I don’t have kids and I never was one, so my experience with wee folk and their behavior is limited. And when I say wee folk, I’m not referring to fairies because I have tons of experience with fairies–enough to fill several posts, I’ll venture–but I’ll save those stories for later once I have accompanying images. This all could take a while because fairies are slippery, elusive little shits when it comes to being photographed, except for Georg, who is an attention whore and a total a-hole, making him a rare fairy indeed–a “rairy” if you will. Anyway, I refuse to take Georg’s photo simply because he wants me to so badly, which totally pisses him off. And yes, I know I’m playing with fire by pissing off a fairy. Well, you know what? Bring it, Georg. BRING. IT. But I digress.
No, the wee folk to which I’m referring are my nieces, ages one and three and a half. They visited this weekend and taught me a lot. For instance:
- Be free and democratic with compliments. The elder entered the lavatory that was to be hers during her stay and said with awe and wonder “this is a beautiful bathroom.” We beamed. Her mother then informs us she made the same pronouncement last week while using the facilities at Wal-Mart. And lest you think she lives in a hovel or is unaccustomed to indoor plumbing, I should point out that she has a perfectly lovely bathroom of her own at home. It occurs to me that perhaps she was being sarcastic in both instances but hasn’t yet mastered the delivery. If that’s the case, well-played kid, well-played.

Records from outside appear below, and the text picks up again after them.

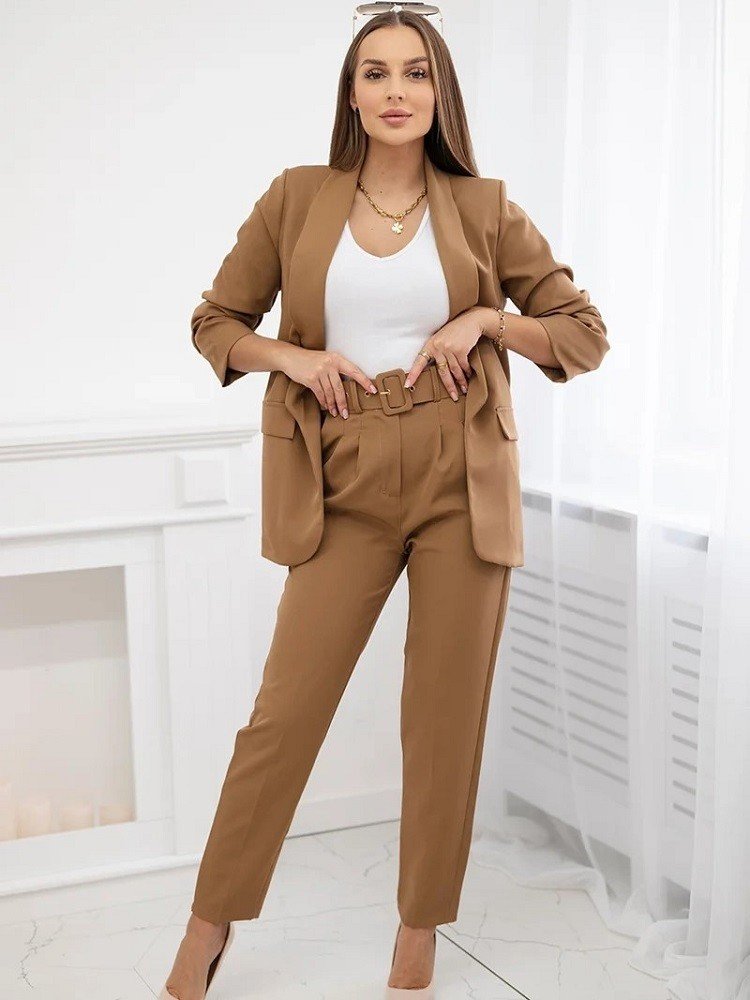 Elegantní kalhotový komplet 80172K Camel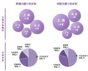 从科创板企业科创力的行业表现来看:新能源领域企业的科创力水平大幅领先其他行业;新材料领域与节能环保领域企业的科创力水平居末。从行业整体的角度出发,各领域企业的科创成果与科创内驱能力基本匹配。关于各行业内高科创力的代表性企业的地域分布情况:新一代信息技术领域的优势企业主要集中在北京与上海,高端装备领域的优势企业主要集中在北京与广东,生物医药领域的优势企业主要集中在上海与山东,新材料、节能环保和新能源领域的优势企业较为分散。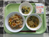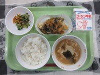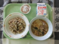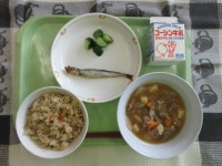 しめじと舞茸のご飯冬瓜入り豚汁ししゃものカレー焼きあっさりきゅうり牛乳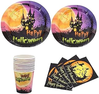 CAKEY 50 Stück Geburtstag Partygeschirr Set Partygeschirr Geburtstag Teller Partybedarf Pappteller Becher Servietten-Set für Halloween-Party Jahrestag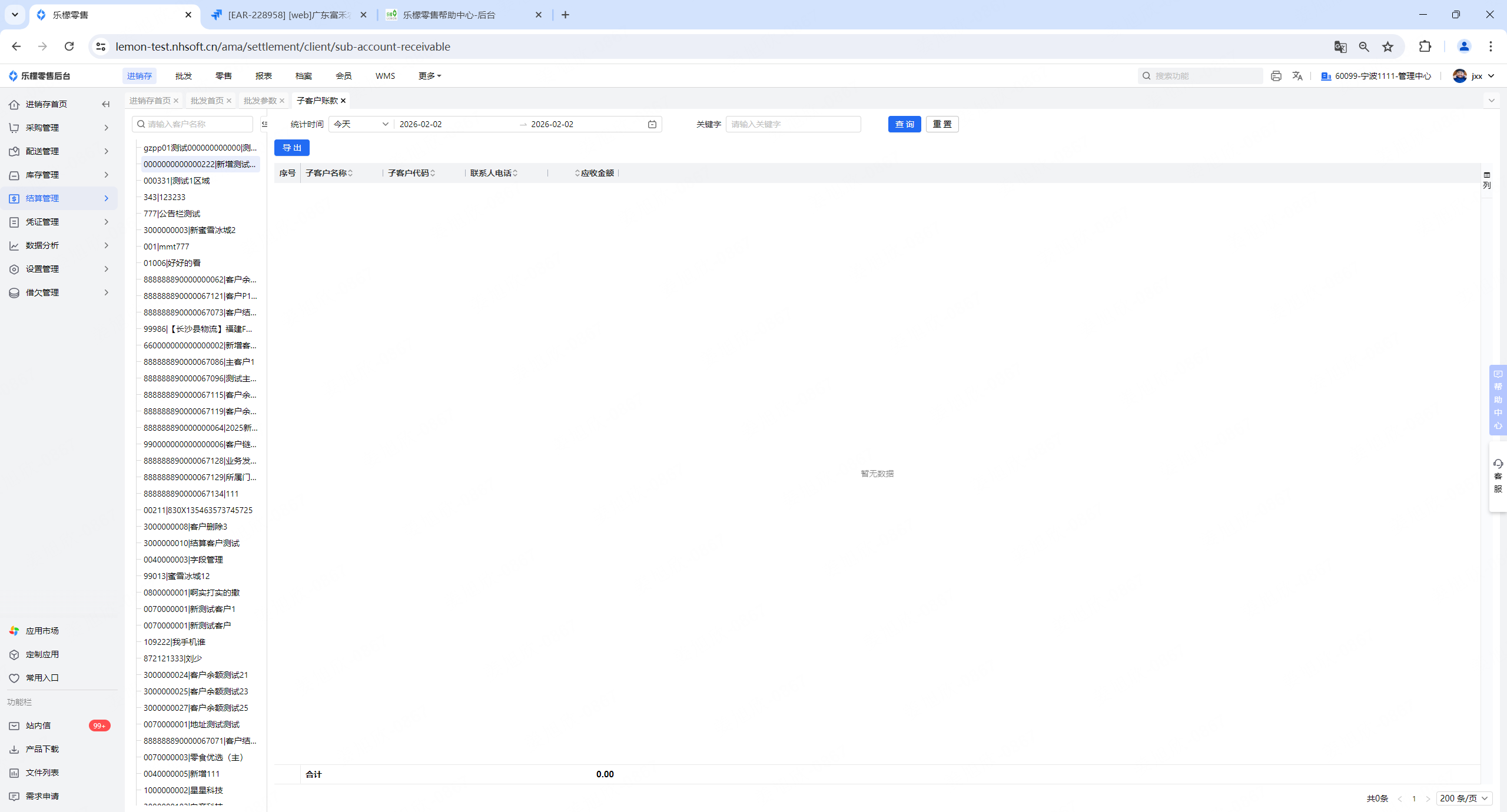 1、结算管理-客户新增一个模块“子客户账款”,权限:导出、查询,统计主客户对应子客户的应收金额

- Ask Why. Again, the elder–I understand it’s common for her age-set to do so. After this weekend, I realize I don’t ask “why” enough, I just accept whatever I’m told. Well, that shit stops right now. I’m all about the “why” from here on out. Get ready, mofos.

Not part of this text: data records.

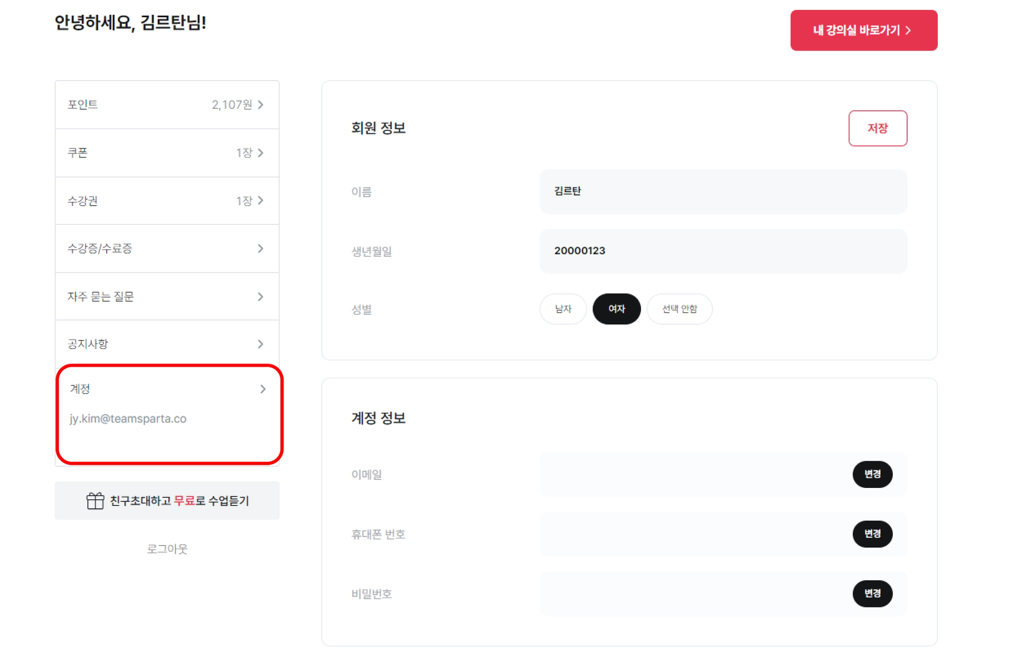 마이페이지 수강권 클릭!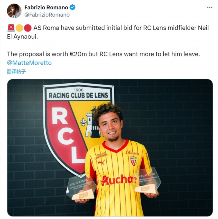 羅馬諾透露,羅馬對(duì)朗斯24歲中場埃納奧伊感興趣,已經(jīng)向朗斯提交了2000萬歐的首份報(bào)價(jià),但朗斯想要更多轉(zhuǎn)會(huì)費(fèi)。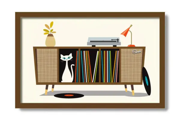 Audiophile Gift Mid Century Modern Art White Cat Art Print Turntable Stand Vinyl Record Storage Record Player Cat Lover Gift Vinyl Lp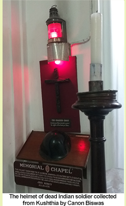 The cross that Canon Subir Biswas carried in Kolkata is the one displayed at St Paul’s Cathedral. The cross still has a latch on one of the beams — evidence that it was once part of a house — and is placed on a simple podium within the chapel. Next to it, on a wall-mounted self is the helmet of an Indian soldier who died in a tank battle, collected from Kushtia district by Canon Biswas on December 13, 1971 — an honour for the Indian army that fought with Bangladesh. Every year on a particular day in December, the Indian army officials come to this corner of the church to pay homage to all soldiers who died in the Bangladesh war.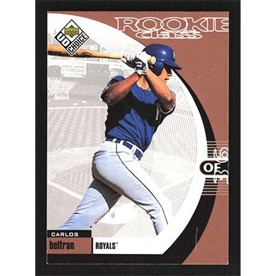 This is a 1999 UD Choice Carlos Beltran Rookie Class baseball card. The card is #9 and pictures show condition.

- In a related matter, be prepared for the question “why?” I wasn’t. Why not, you ask? Well, it’s because no one ever questions me, that’s why not. Truly, I can say the most outlandish, bizarre stuff and no one says a word or bats an eye, mostly because they’re afraid to engage with me for fear that if they do I won’t shut up and go away, which I won’t. Turns out, my niece doesn’t share this fear and, as a result, questioned me with wild abandon, forcing me to make up shit on the fly that she will carry with her as gospel for the rest of her life, influencing every decision she makes. I’d make a lousy parent.

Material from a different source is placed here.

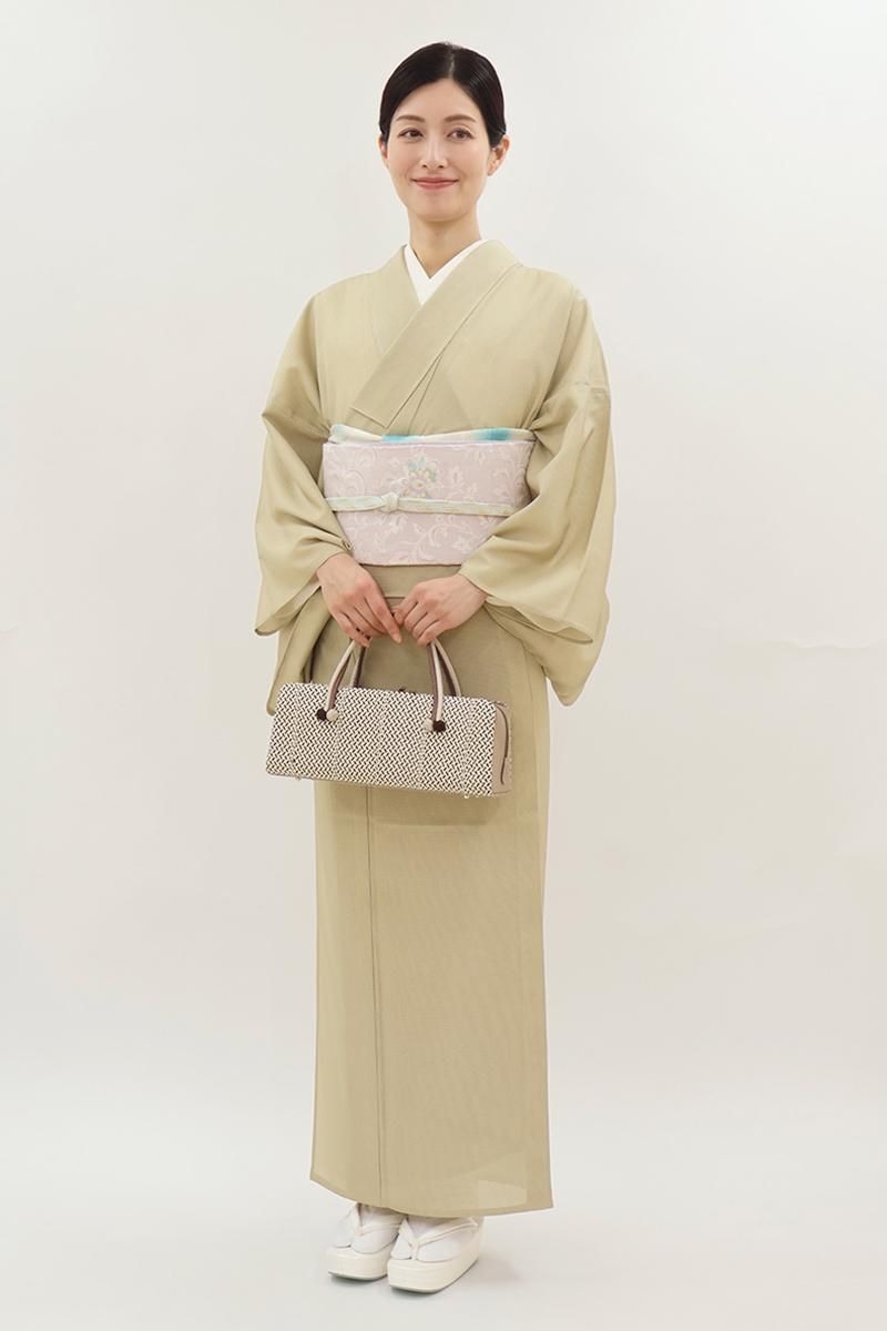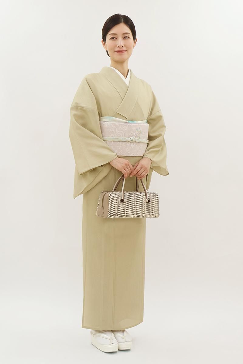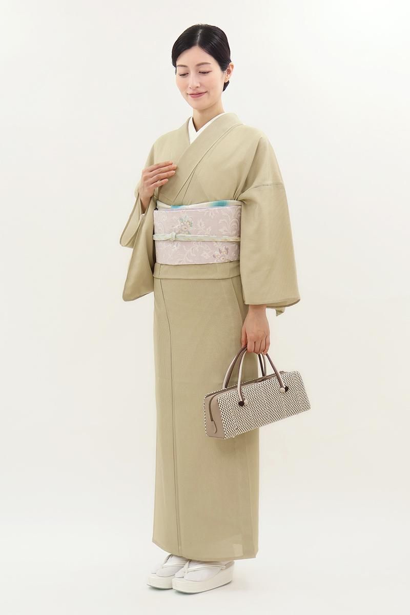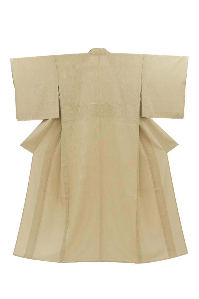 渋みのあるお色目に大人の洒落みが香る一枚、紋は入っておりませんので季節の染帯を合わせていただければ風情ある街着として、また少し格高の袋帯などを合わせていただければ軽めのお茶のお席など幅広い場面でお楽しみいただけることと思います。落ち着いた深みのある表情の万筋、この機会にいかがでしょうか。

- Be more efficient with communication. This gem I got from the little one and it may be my favorite. As far as I can tell, the only word in her current vocabulary is “mimi” which could mean mama but also could be daddy or dog. However, she excels at expressing her desire for more food with sign language, by rolling her two tiny hands into fists and banging them together. You guys, it’s a game changer and I’m totally stealing it. Imagine being able to demand more food while your mouth is still stuffed with the food you already have. Pure. Genius. That girl is going places and I plan to follow.